ACTIVITY =
Reproduce the data below in full and exclude every picture.

DATA SHOWN =
———

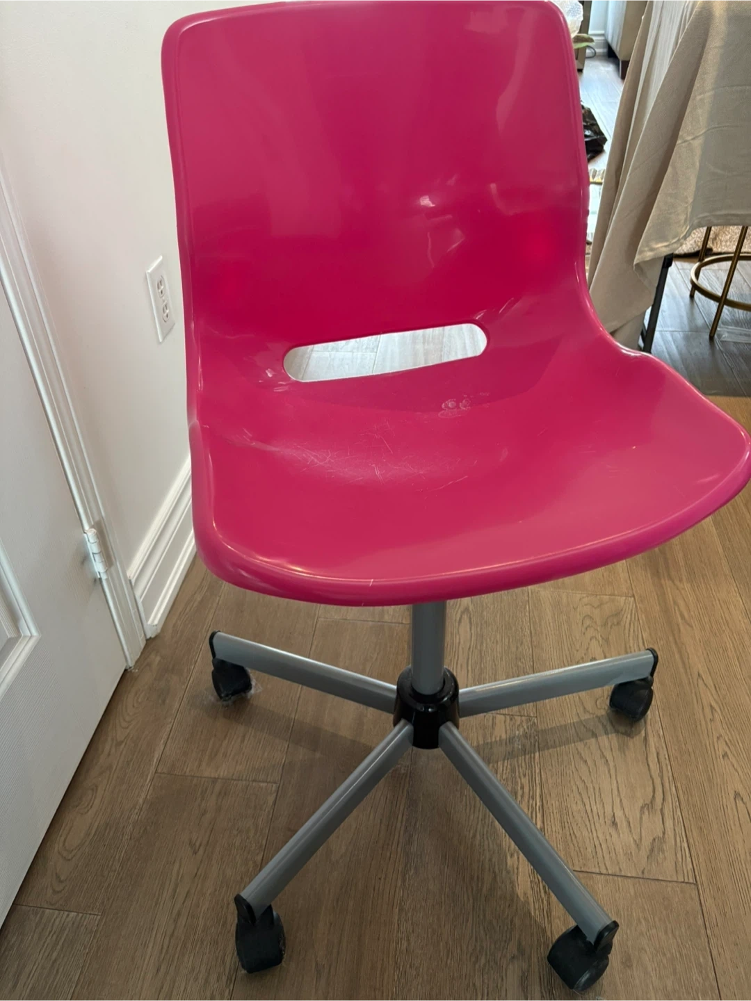 Selling a cute pink desk chair! It's perfect for a kid's room or a small workspace. The chair has a comfortable seat and back, and it rolls smoothly on its wheels. It does have some minor signs of use, but it's still in good condition and ready for a new home
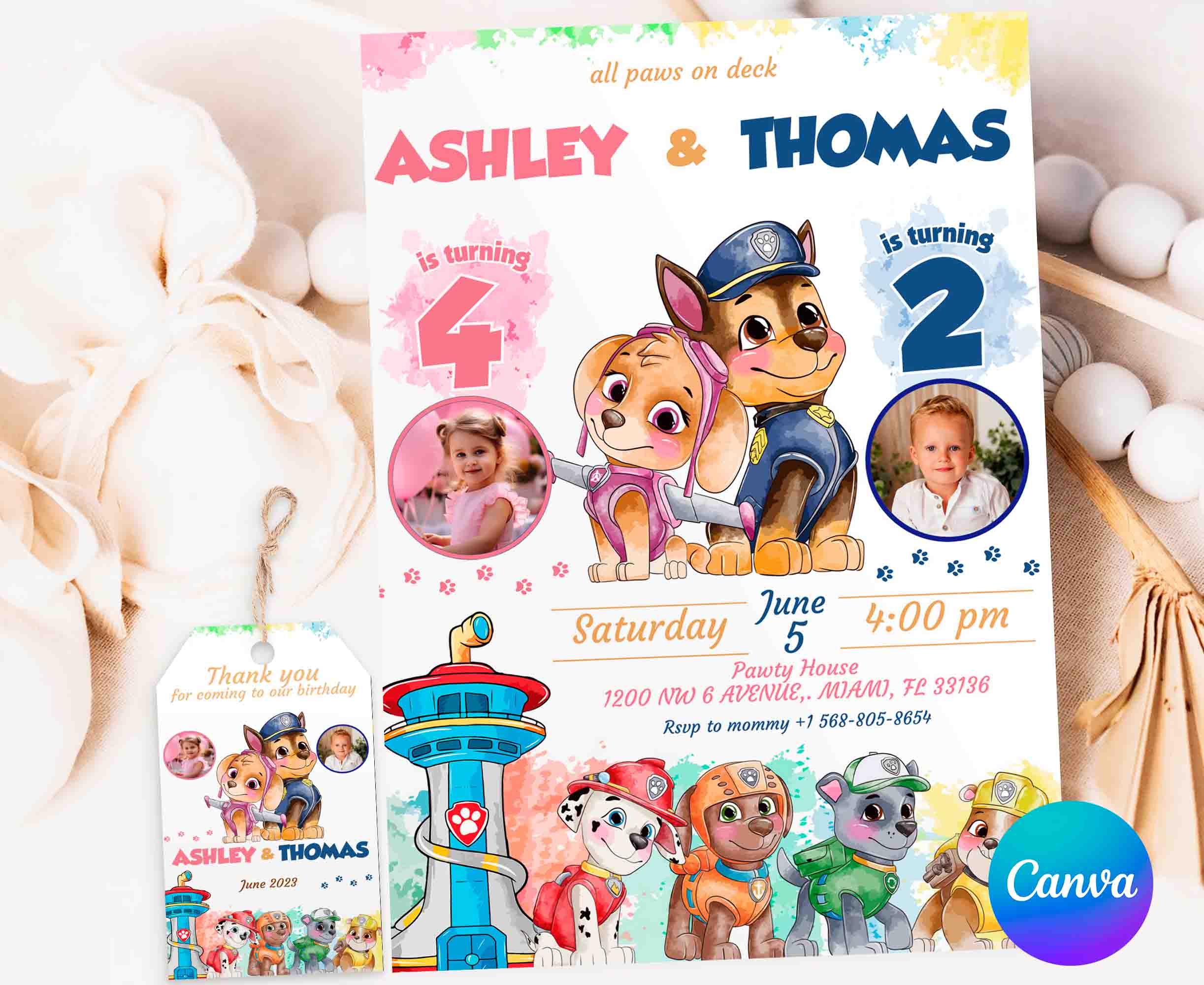 Be the first to review “Siblings Paw Patrol Editable Invitation Template”
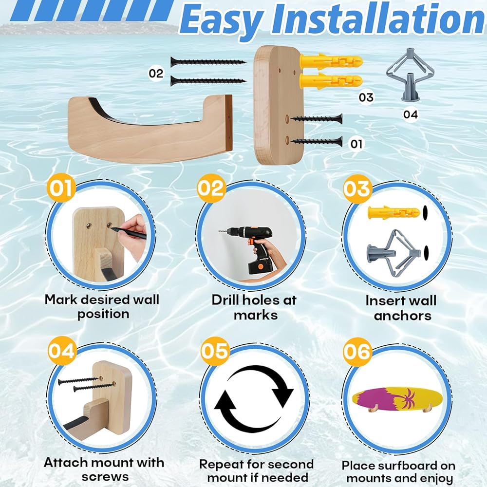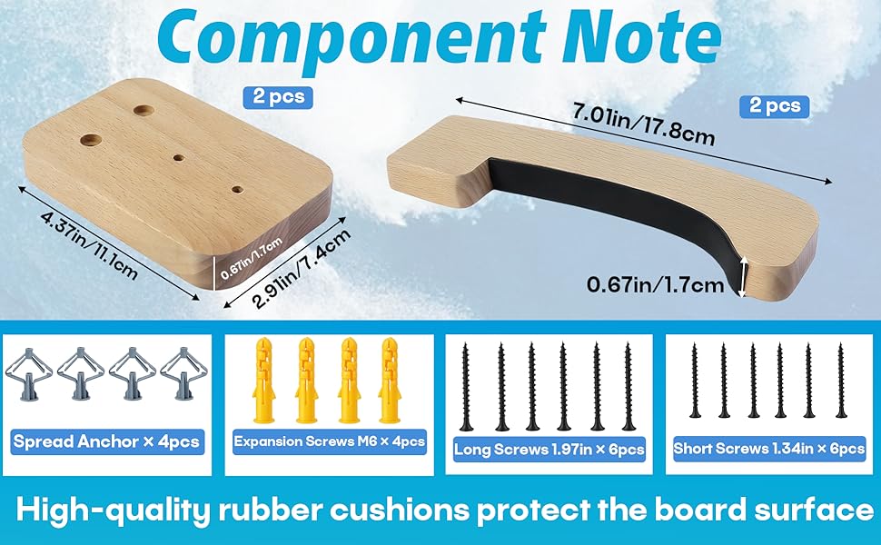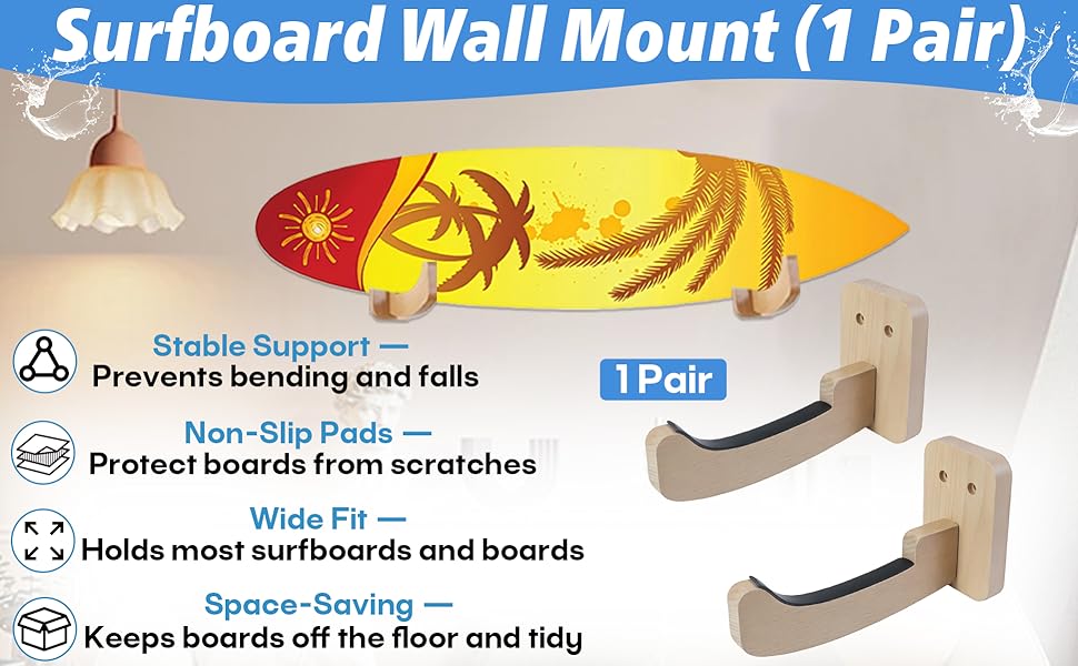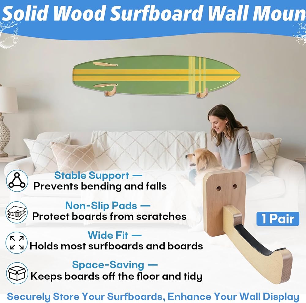 Solid Wood Construction & Stable Support: Made from durable solid wood with a reinforced mounting structure, this surfboard wall mount delivers reliable, long-term support. Designed to handle repeated loading without bending or loosening over time

———

TASK ANSWER =
 Selling a cute pink desk chair! It's perfect for a kid's room or a small workspace. The chair has a comfortable seat and back, and it rolls smoothly on its wheels. It does have some minor signs of use, but it's still in good condition and ready for a new home
 Be the first to review “Siblings Paw Patrol Editable Invitation Template”
 Solid Wood Construction & Stable Support: Made from durable solid wood with a reinforced mounting structure, this surfboard wall mount delivers reliable, long-term support. Designed to handle repeated loading without bending or loosening over time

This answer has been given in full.